# Euler's polynomial proof

1. May 29, 2009

### khotsofalang

without using a counter example, show a proof that Euler's polynomial equation P(n)=n^2+n+41 can not be used to generate all the primes.can a general proof be made to show that all primes cannot be generated by a specific polynomial?

2. May 29, 2009

### HallsofIvy

Staff Emeritus
Well, what, exactly, is "Euler's polynomial equation"? Don't you think that is important?

3. May 29, 2009

### khotsofalang

thats the proposition made by Euler that P(n)=n^2+n+41 can generate all primes and it was suddenly proven false by using a counter example, isnt there any way he can be proven to be false?

4. May 29, 2009

### ramsey2879

I believe you mean that P(n) would be prime for positive integers n, but there is now a general proof out there that no polynominal equation can generate only primes for all positive integers. I am sure that someone can cive you a link to a proof.

5. May 29, 2009

### ramsey2879

See also http://en.wikipedia.org/wiki/Formula_for_primes Euler's formula for primes as posted in this thread was once widely thought to generate primes for any integer n, but as shown by this link that was false. The proof is simple an noted in the link.

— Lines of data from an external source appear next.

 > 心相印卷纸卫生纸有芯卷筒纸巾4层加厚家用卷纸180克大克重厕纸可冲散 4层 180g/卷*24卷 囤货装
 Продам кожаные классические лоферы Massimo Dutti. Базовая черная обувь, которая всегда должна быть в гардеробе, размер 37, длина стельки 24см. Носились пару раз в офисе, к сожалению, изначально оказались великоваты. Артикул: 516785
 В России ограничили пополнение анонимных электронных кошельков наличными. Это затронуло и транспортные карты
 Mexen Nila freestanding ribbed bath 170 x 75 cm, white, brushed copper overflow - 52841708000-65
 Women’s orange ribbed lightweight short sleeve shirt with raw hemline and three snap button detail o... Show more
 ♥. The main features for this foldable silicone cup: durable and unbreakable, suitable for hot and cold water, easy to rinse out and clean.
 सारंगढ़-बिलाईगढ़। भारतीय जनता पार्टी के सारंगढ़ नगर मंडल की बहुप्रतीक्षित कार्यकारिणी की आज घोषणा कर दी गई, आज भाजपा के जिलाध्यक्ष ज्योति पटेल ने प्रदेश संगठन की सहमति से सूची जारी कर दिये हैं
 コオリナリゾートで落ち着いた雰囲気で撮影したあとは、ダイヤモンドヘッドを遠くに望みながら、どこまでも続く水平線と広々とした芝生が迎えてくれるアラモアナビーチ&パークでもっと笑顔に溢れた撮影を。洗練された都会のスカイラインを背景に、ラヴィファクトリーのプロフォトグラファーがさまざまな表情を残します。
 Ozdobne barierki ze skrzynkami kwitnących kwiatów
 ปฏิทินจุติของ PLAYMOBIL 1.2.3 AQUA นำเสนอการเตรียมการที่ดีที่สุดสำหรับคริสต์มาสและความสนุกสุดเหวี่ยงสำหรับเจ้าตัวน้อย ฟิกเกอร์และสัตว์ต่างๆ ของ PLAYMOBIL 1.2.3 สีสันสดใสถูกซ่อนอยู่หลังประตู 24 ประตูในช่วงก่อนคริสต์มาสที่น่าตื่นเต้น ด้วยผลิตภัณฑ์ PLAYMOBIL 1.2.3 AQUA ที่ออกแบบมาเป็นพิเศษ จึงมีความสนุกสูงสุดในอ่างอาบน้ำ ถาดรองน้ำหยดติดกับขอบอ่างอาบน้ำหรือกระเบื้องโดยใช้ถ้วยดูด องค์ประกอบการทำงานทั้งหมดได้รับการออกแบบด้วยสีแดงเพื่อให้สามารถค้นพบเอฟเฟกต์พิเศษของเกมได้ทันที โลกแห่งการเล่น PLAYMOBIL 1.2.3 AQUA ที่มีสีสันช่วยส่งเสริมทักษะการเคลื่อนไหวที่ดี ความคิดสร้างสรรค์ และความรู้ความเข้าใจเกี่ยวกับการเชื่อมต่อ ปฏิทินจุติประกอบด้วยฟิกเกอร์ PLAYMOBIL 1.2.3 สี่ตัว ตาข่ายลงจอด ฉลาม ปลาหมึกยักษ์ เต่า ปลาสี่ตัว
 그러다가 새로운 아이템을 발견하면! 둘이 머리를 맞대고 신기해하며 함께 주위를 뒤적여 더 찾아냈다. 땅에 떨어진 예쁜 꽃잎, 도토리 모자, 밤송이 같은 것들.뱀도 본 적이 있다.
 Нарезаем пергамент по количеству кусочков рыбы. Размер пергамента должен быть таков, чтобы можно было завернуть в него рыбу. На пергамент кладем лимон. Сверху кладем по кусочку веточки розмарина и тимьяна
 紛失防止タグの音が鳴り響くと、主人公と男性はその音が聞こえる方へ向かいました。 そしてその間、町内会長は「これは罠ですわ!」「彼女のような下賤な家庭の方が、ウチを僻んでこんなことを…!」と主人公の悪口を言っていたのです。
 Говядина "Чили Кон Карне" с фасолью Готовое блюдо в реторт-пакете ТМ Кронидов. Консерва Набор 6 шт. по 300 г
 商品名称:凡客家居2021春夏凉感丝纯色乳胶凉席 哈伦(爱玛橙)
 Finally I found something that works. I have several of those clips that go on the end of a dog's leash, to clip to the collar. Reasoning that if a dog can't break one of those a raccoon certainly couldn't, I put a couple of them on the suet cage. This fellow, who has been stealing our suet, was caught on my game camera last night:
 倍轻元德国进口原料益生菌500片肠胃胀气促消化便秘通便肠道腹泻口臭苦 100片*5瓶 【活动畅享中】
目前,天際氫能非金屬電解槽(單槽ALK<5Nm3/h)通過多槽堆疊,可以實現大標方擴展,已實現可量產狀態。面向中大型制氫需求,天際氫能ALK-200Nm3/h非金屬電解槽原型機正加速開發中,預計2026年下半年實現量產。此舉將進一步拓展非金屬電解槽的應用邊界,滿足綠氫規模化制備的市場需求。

Assume that P(x) is a polynominal in x that gives a prime $$p$$ for the value $$n$$.
But then $$p|P(n+kp)$$ for all integer $$k$$ so these numbers must be composite for every k so the polynominal is a constant, p, rather than a polynominal.

P.S. Euler never said that the polynominal generated "all primes", but then that is obviously not what you meant is it?

6. May 29, 2009

### Count Iblis

It is possible with polynomials in more variables, as the same wiki article points out:

7. May 30, 2009

### matt grime

That doesn't count - look at the restriction placed on both the input and output variables.

8. May 30, 2009

### ramsey2879

but the same polynominal would generate composites also with large enough variables. Think how easy it would be to exceed the largest prime otherwise

9. May 30, 2009

### protonchain

P(n) = n^2 + n + 41 =>
P(40) = 40^2 + 40 + 41
= 40 * 40 + 40 + 41
= 40 * 41 + 41 = 41 * 41 = composite.

10. May 30, 2009

### CRGreathouse

11. May 31, 2009

### robert Ihnot

12. May 31, 2009

### Count Iblis

The positive values of the Jones polynomial for positive values of the variables are always primes and all primes can be obtained this way. The problem is just that the probability that a random choice of the input vaiables will yield a positive value is astronomically small. If finally, after billions of years of trying, some positive value is obtained, it will likely be a prime number like 23.

13. May 31, 2009

### CRGreathouse

Was that in response to my post? I was incredulous about the claim that "once widely thought to generate primes for any integer n". It's obvious that no nonconstant polynomial can produce primes for all n, so it's hard for me to believe that this was ever believed. But it could be true, so I was looking for ramsey2879 or someone else to comment on that.

14. May 31, 2009

### ramsey2879

I am 60 and some years old so I some times don't remember exactly what I read too well. The book is up in the attic. Some time I will look again at what was said about the polynominal. But that the polynominal does give composite values is of course easily shown.

15. May 31, 2009

### CRGreathouse

If you do, I'd appreciate the effort if you post it.